There are two hurdles in the way of formally launching negotiations. One is the German election, the other is the New Zealand election. Both events are delaying finalization of negotiating mandates.
If all goes well and the New Zealand Government post-election still wants to negotiate a FTA with the EU we anticipate a visit to New Zealand by Cecilia Malmstrom the EU Commissioner for Trade in November (she is due to visit Canberra at the same time). The announcement of the commencement of negotiations can be expected during this trip.
UK
A low level dialogue continues but the UK is not legally allowed to begin negotiations with New Zealand or anyone else until it has left the EU Customs Union. The weaker position for the UK Government post-election and open talk by some senior Tory politicians about a “soft Brexit” must put a big question mark about this FTA possibility. “Soft Brexit” for some means remaining part of the Customs Union. This would mean that the UK cannot negotiate its own free trade agreements.

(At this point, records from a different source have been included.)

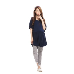 MAMAGIRL 浪漫荷葉彈力哺乳上衣(深藍)-MSN006
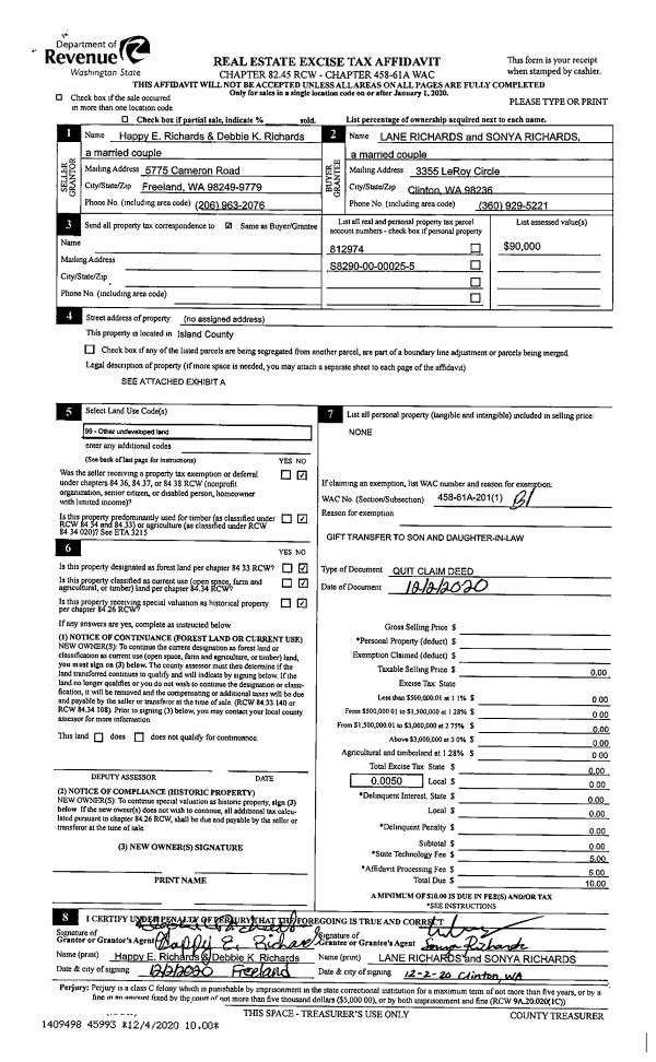 | Tax Area: | 712 - APPRAISER-S Whid Schl Dist, outside Langley, improved, greater than 1 acre | Land Use Code | 11 |
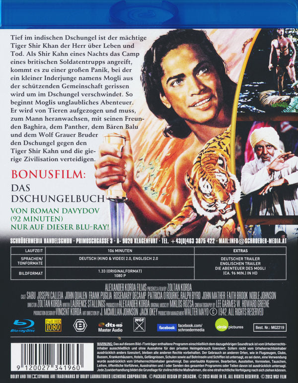 Enthält: Deutscher Trailer (ca. 2:04 Min.); Englischer Trailer (ca. 2:04 Min.); "Die Abenteuer des Mogli" (ca. 96 Min. in HD); Bonusfilm: "Das Dschungelbuch" von Roman Davydov (ca. 92 Min.);
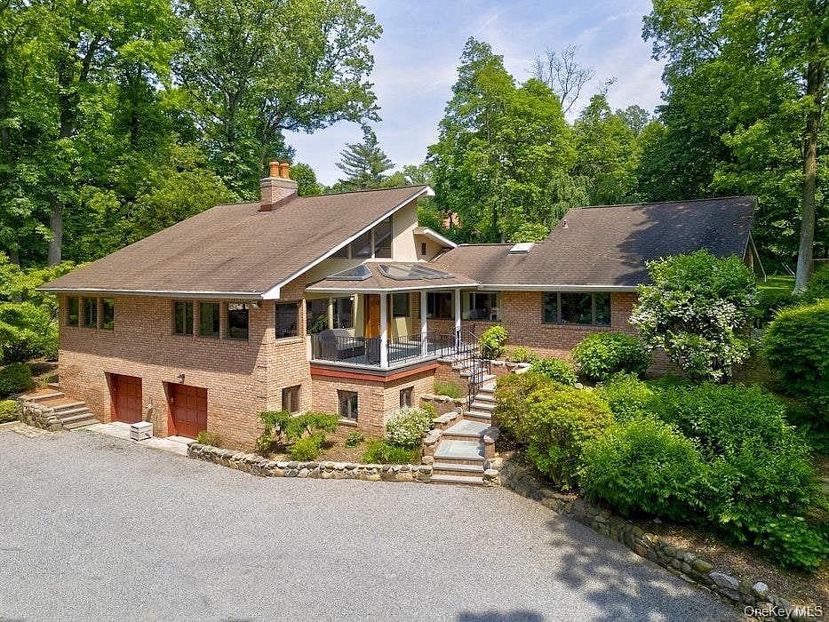 A sweeping driveway leads to an elevated front terrace surrounded by lush foliage, where seasonal glimpses of the Long Island Sound add to the home’s charm. Inside, all four bedrooms and four bathrooms are conveniently located on the main level, offering comfortable ranch-style living and effortless flow throughout.
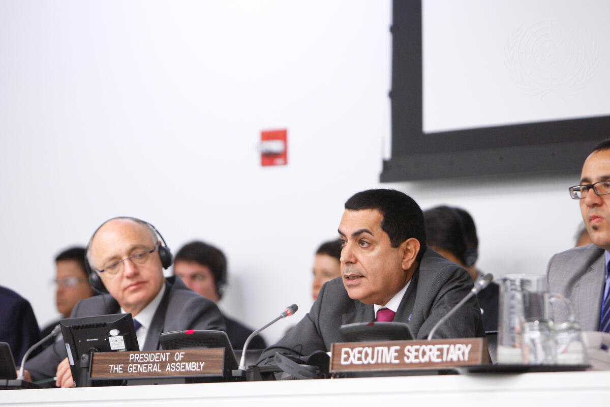Nassir Abdulaziz Al-Nasser, President of the sixty-sixth session of the General Assembly, addresses the Group of 77 developing countries and China (G77). At left is Héctor Marcos Timerman, Minister for Foreign Affairs of Argentina, and Chair of the G77.
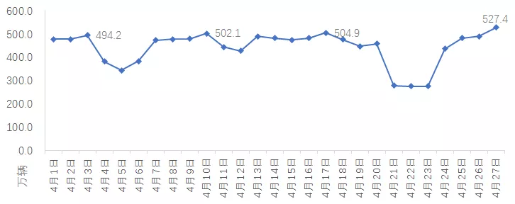截至4月27日深圳車流量變化情況
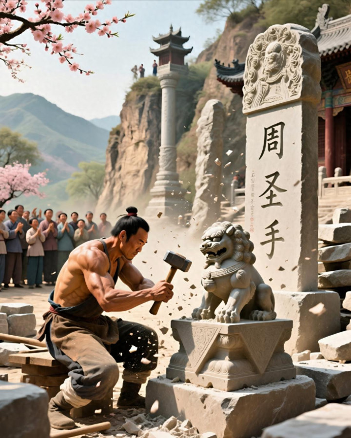 明朝万积年间,青州府益都县有个桃花村,村里有个石工叫周大壮。他祖上三代都是石工,传到他这一辈,本事更是后起之秀。他雕的石狮子活天真现,刻的石碑笔迹留意,方圆百里谁家修坟、盖庙、打石础,头一个料到的即是他。周大壮为东说念主忠厚真诚,干活从不偷工减料,乡亲们都夸他是“石圣手”。
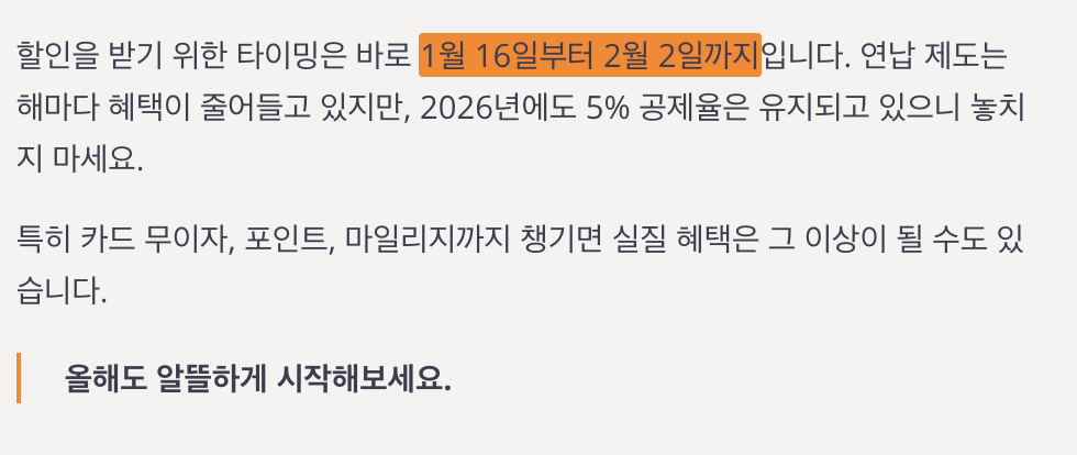 실제 할인은 2월부터 12월까지의 11개월분 세액에만 적용되기 때문에, 실질 할인율은 약 4.58% 수준입니다.
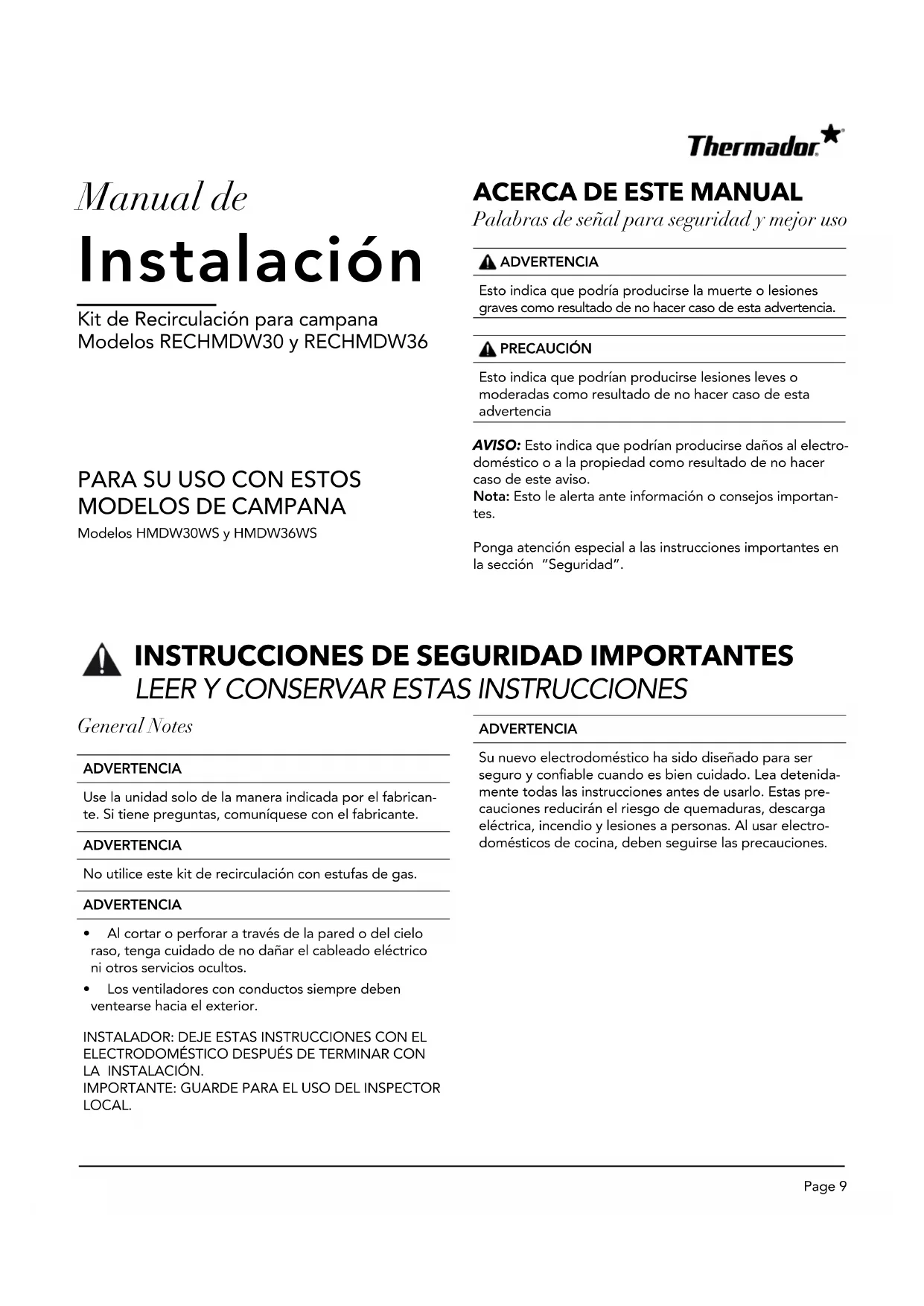 General NotesADVERTENCIAUse la unidad solo de la manera indicada por el fabrican-te. Si tiene preguntas, comuníquese con el fabricante.ADVERTENCIANo utilice este kit de recirculación con estufas de gas.ADVERTENCIA
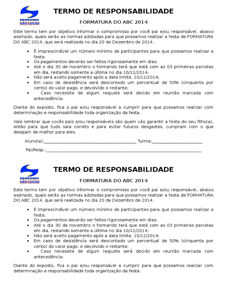 Exemplo De Termo De Responsabilidade Sobre O Servico De Aplicacao

The counterfactual is the announcement that the UK has appointed former New Zealand Deputy Secretary Trade and WTO Ambassador Crawford Falconer as its Chief Trade Negotiations Advisor on a five year contract. His job description would suggest that the current UK Prime Minister is envisaging a Brexit at the harder end of the spectrum. A “softer Brexit” would still give Crawford some work as the UK would probably still need to develop a WTO persona separate to the EU. But it would not be able to enter FTAs independent of the EU.
TPP 11
The idea of implementing TPP without the United States remains alive and will be the subject of dialogue between senior officials in July.
The importance of achieving agreement on TPP 11 has increased with news that the EU and Japan are close to finalizing a FTA. The EU achieving better access to Japan than New Zealand would be concerning in several agricultural and services areas (a read of leaked text for the negotiation would suggest that there is still considerable work needed to finalise this negotiation).
Pacific Alliance (Mexico, Colombia, Peru, Chile)
It is interesting that Foreign Minister Gerry Brownlee is to attend the next meeting of Pacific Alliance Leaders. Normally New Zealand would be represented by the Trade Minister.
Might there be a breakthrough with regard to New Zealand’s long held desire to become a FTA partner of the Alliance? Watch this space.
India
No progress.
Sri Lanka
Nothing much happening.
GCC
The current breakdown in relations between Qatar and the rest of the GCC membership has very negative implications for the unblocking of the GCC-New Zealand FTA.
RCEP (India, ASEAN, China, Korea, Japan, Australia and New Zealand)
There is zero chance of agreement to anything close to an acceptable standard by the end of the year. Negotiations are continuing but progress is slow.
Pacer Plus
Agreement has been reached but three of the larger Pacific markets (PNG, Vanuatu and Fiji) have decided to stay outside the agreement at this point in time.
Russia
The New Zealand Russia FTA remains in the freezer. There is no point thawing it out until Russia improves its behavior in Ukraine, EU attitudes change, or President Putin moves on.